I am planning to start soon from Stafford Associates PGCEi .... the Nottingham university 

Master's Degree - MBA Dubai & UAE - Distance Education & Part Time MBA 

Still thinking...


----------



## gracie_23 (May 12, 2011)

What made you want to do that one nm62? Are you currently teaching? I've heard that the Sunderland one is more widely recognised internationally (as in if i return back to uk or ireland) but again i'm only rwally going with bits I've read on the internet at this stage..


----------



## nm62 (Dec 11, 2008)

gracie_23 said:


> What made you want to do that one nm62? Are you currently teaching?
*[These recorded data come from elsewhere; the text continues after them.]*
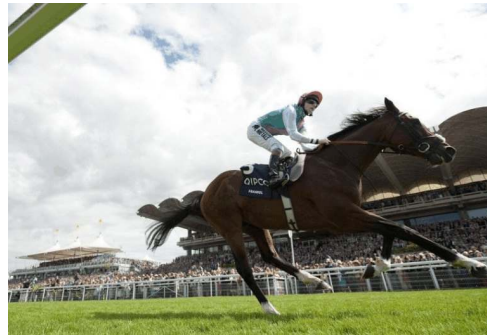
Frankel makes it an even dozen in the Sussex
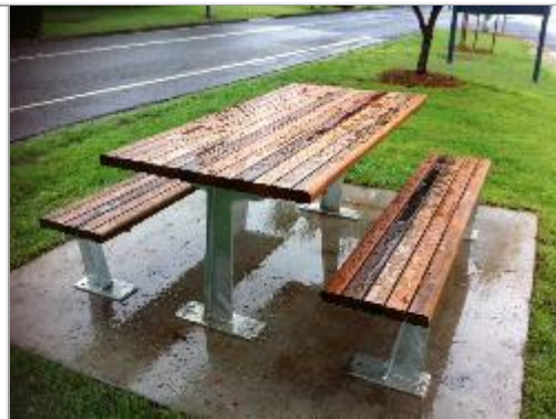
Flinders Barbecue Table
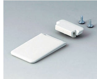
A9152057 Tilt foot bar ABS (UL 94 HB) off-white RAL 9002
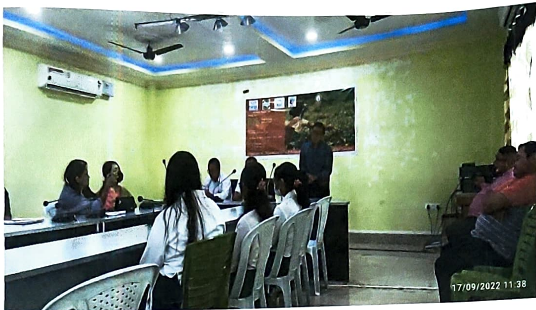
Resource Person delivering the Technical Session

The programme was an eye opener for all the faculty members and students present. It enlightened all those who have an exciting idea which may be in the nascent and planning stage and there is in need for mentorship and initial funding. The Biotechnology Ignition Grant will definitely help to support and nurture these early starters and their concepts.
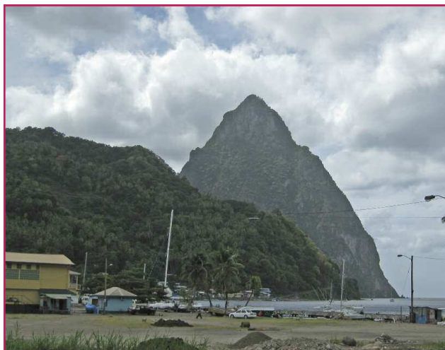
The breakdown of the institutional arrangement for community-based management of Gros Piton tours has enabled a private entrepreneur to take over and reduced the community’s involvement in decision-making and benefit-sharing.

For the purposes of this brief, a financially sustainable CBO is considered to be one that sustains itself through a diversified fundraising strategy (i.e. not over-dependent on a single source but that may include grant funding), which
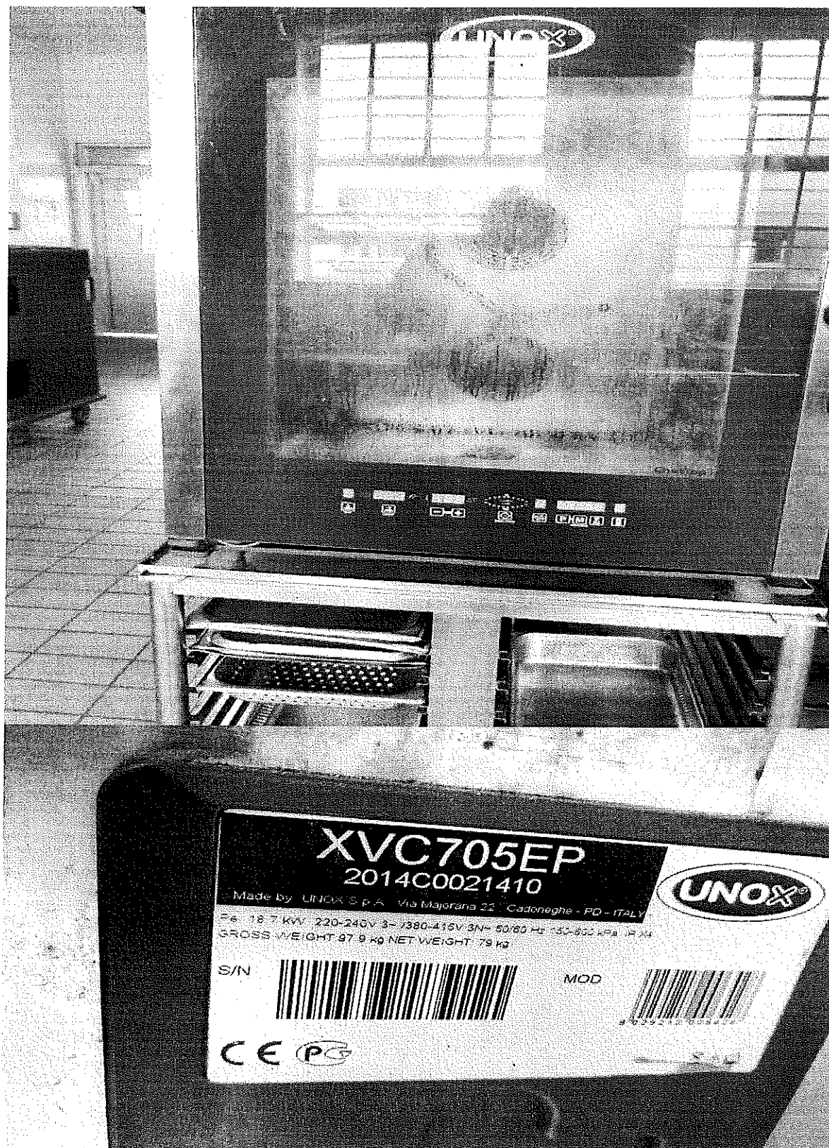
Combi Steam Oven
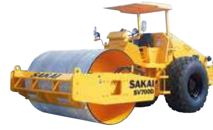
SV700D 15,080 kg

I've heard that the Sunderland one is more widely recognised internationally (as in if i return back to uk or ireland) but again i'm only rwally going with bits I've read on the internet at this stage..



well it is a long story...
I am a commerce graduate and teaching only commerce high school students...
I wanted to do MA in education to move in administration later....

PGCEi will give me 60 credit points towards PGDE and the third year which is MA education from Nottingham university....

Moreover they provide guidance here in Knowledge Village and you are working with a group of teachers...


----------



## VS400 (Aug 21, 2011)

Dont you have to currently be teaching to do the Nottingham one?


----------



## gracie_23 (May 12, 2011)

VS400 said:


> Dont you have to currently be teaching to do the Nottingham one?


not from what I have read - as long as you can get somewhere to take you for your 2 placements.

I would like to work whilst I do mine though but i'm only in the early stages of getting this sorted (as it wouldnt start until September) - do you have any ideas of where might take me on as either a TA or teacher whilst I do the PGCE year?


----------



## gracie_23 (May 12, 2011)

nm62 said:


> well it is a long story...
> I am a commerce graduate and teaching only commerce high school students...
> I wanted to do MA in education to move in administration later....
> 
> ...


ahh ok - sounds like you have it figured 

Do you know anyone currently doing either of them for any feedback or advice?

Thanks


----------



## nm62 (Dec 11, 2008)

gracie_23 said:


> ahh ok - sounds like you have it figured
> 
> Do you know anyone currently doing either of them for any feedback or advice?
> 
> Thanks



NO i do not know anyone doing it but you can visit them as they have Senior (very old teachers from UK) giving the information.

You can start it in April (Application deadline is February)
other batch is in September.
Sunderland/ Nottingham fees is almost the same...


----------



## nm62 (Dec 11, 2008)

I am neither going for Sunderland nor for Nottingham (non transferable credits/ no exams)...

I have decided to go for University of London (International Programme) 

It is assumed to be well recognized... masters in Leadership and Management (must be transferable credit points for first 2 years... but i am not much bothered about it)
(1st year Certificates - 2 modules) exam
(2nd year Certificates - 2 modules) exam
(3rd year Certificate - Dissertation) 

Fees is almost the same....

Applied Educational Leadership and Management - Structure and Syllabus - Institute of Education - University of London International Programmes
This is what i was looking for as i want to either move into admin or CPD...


----------



## nmn (Nov 1, 2012)

*PGCE Dubai*

Hi Gracie
I was just wondering if you got any info on doing PGCE in Dubai and then returning to ireland with qualification? I did that qualification a few years ago and I am returning to ireland and i just wondered if you knew of anyone that had responded who had done it and got verified in ireland? Teaching council in ireland is a bit of a nightmare!
thanks


----------



## Ann33475 (Nov 27, 2020)

The above link is incorrect. I think they moved to PGCE Distance Learning.


----------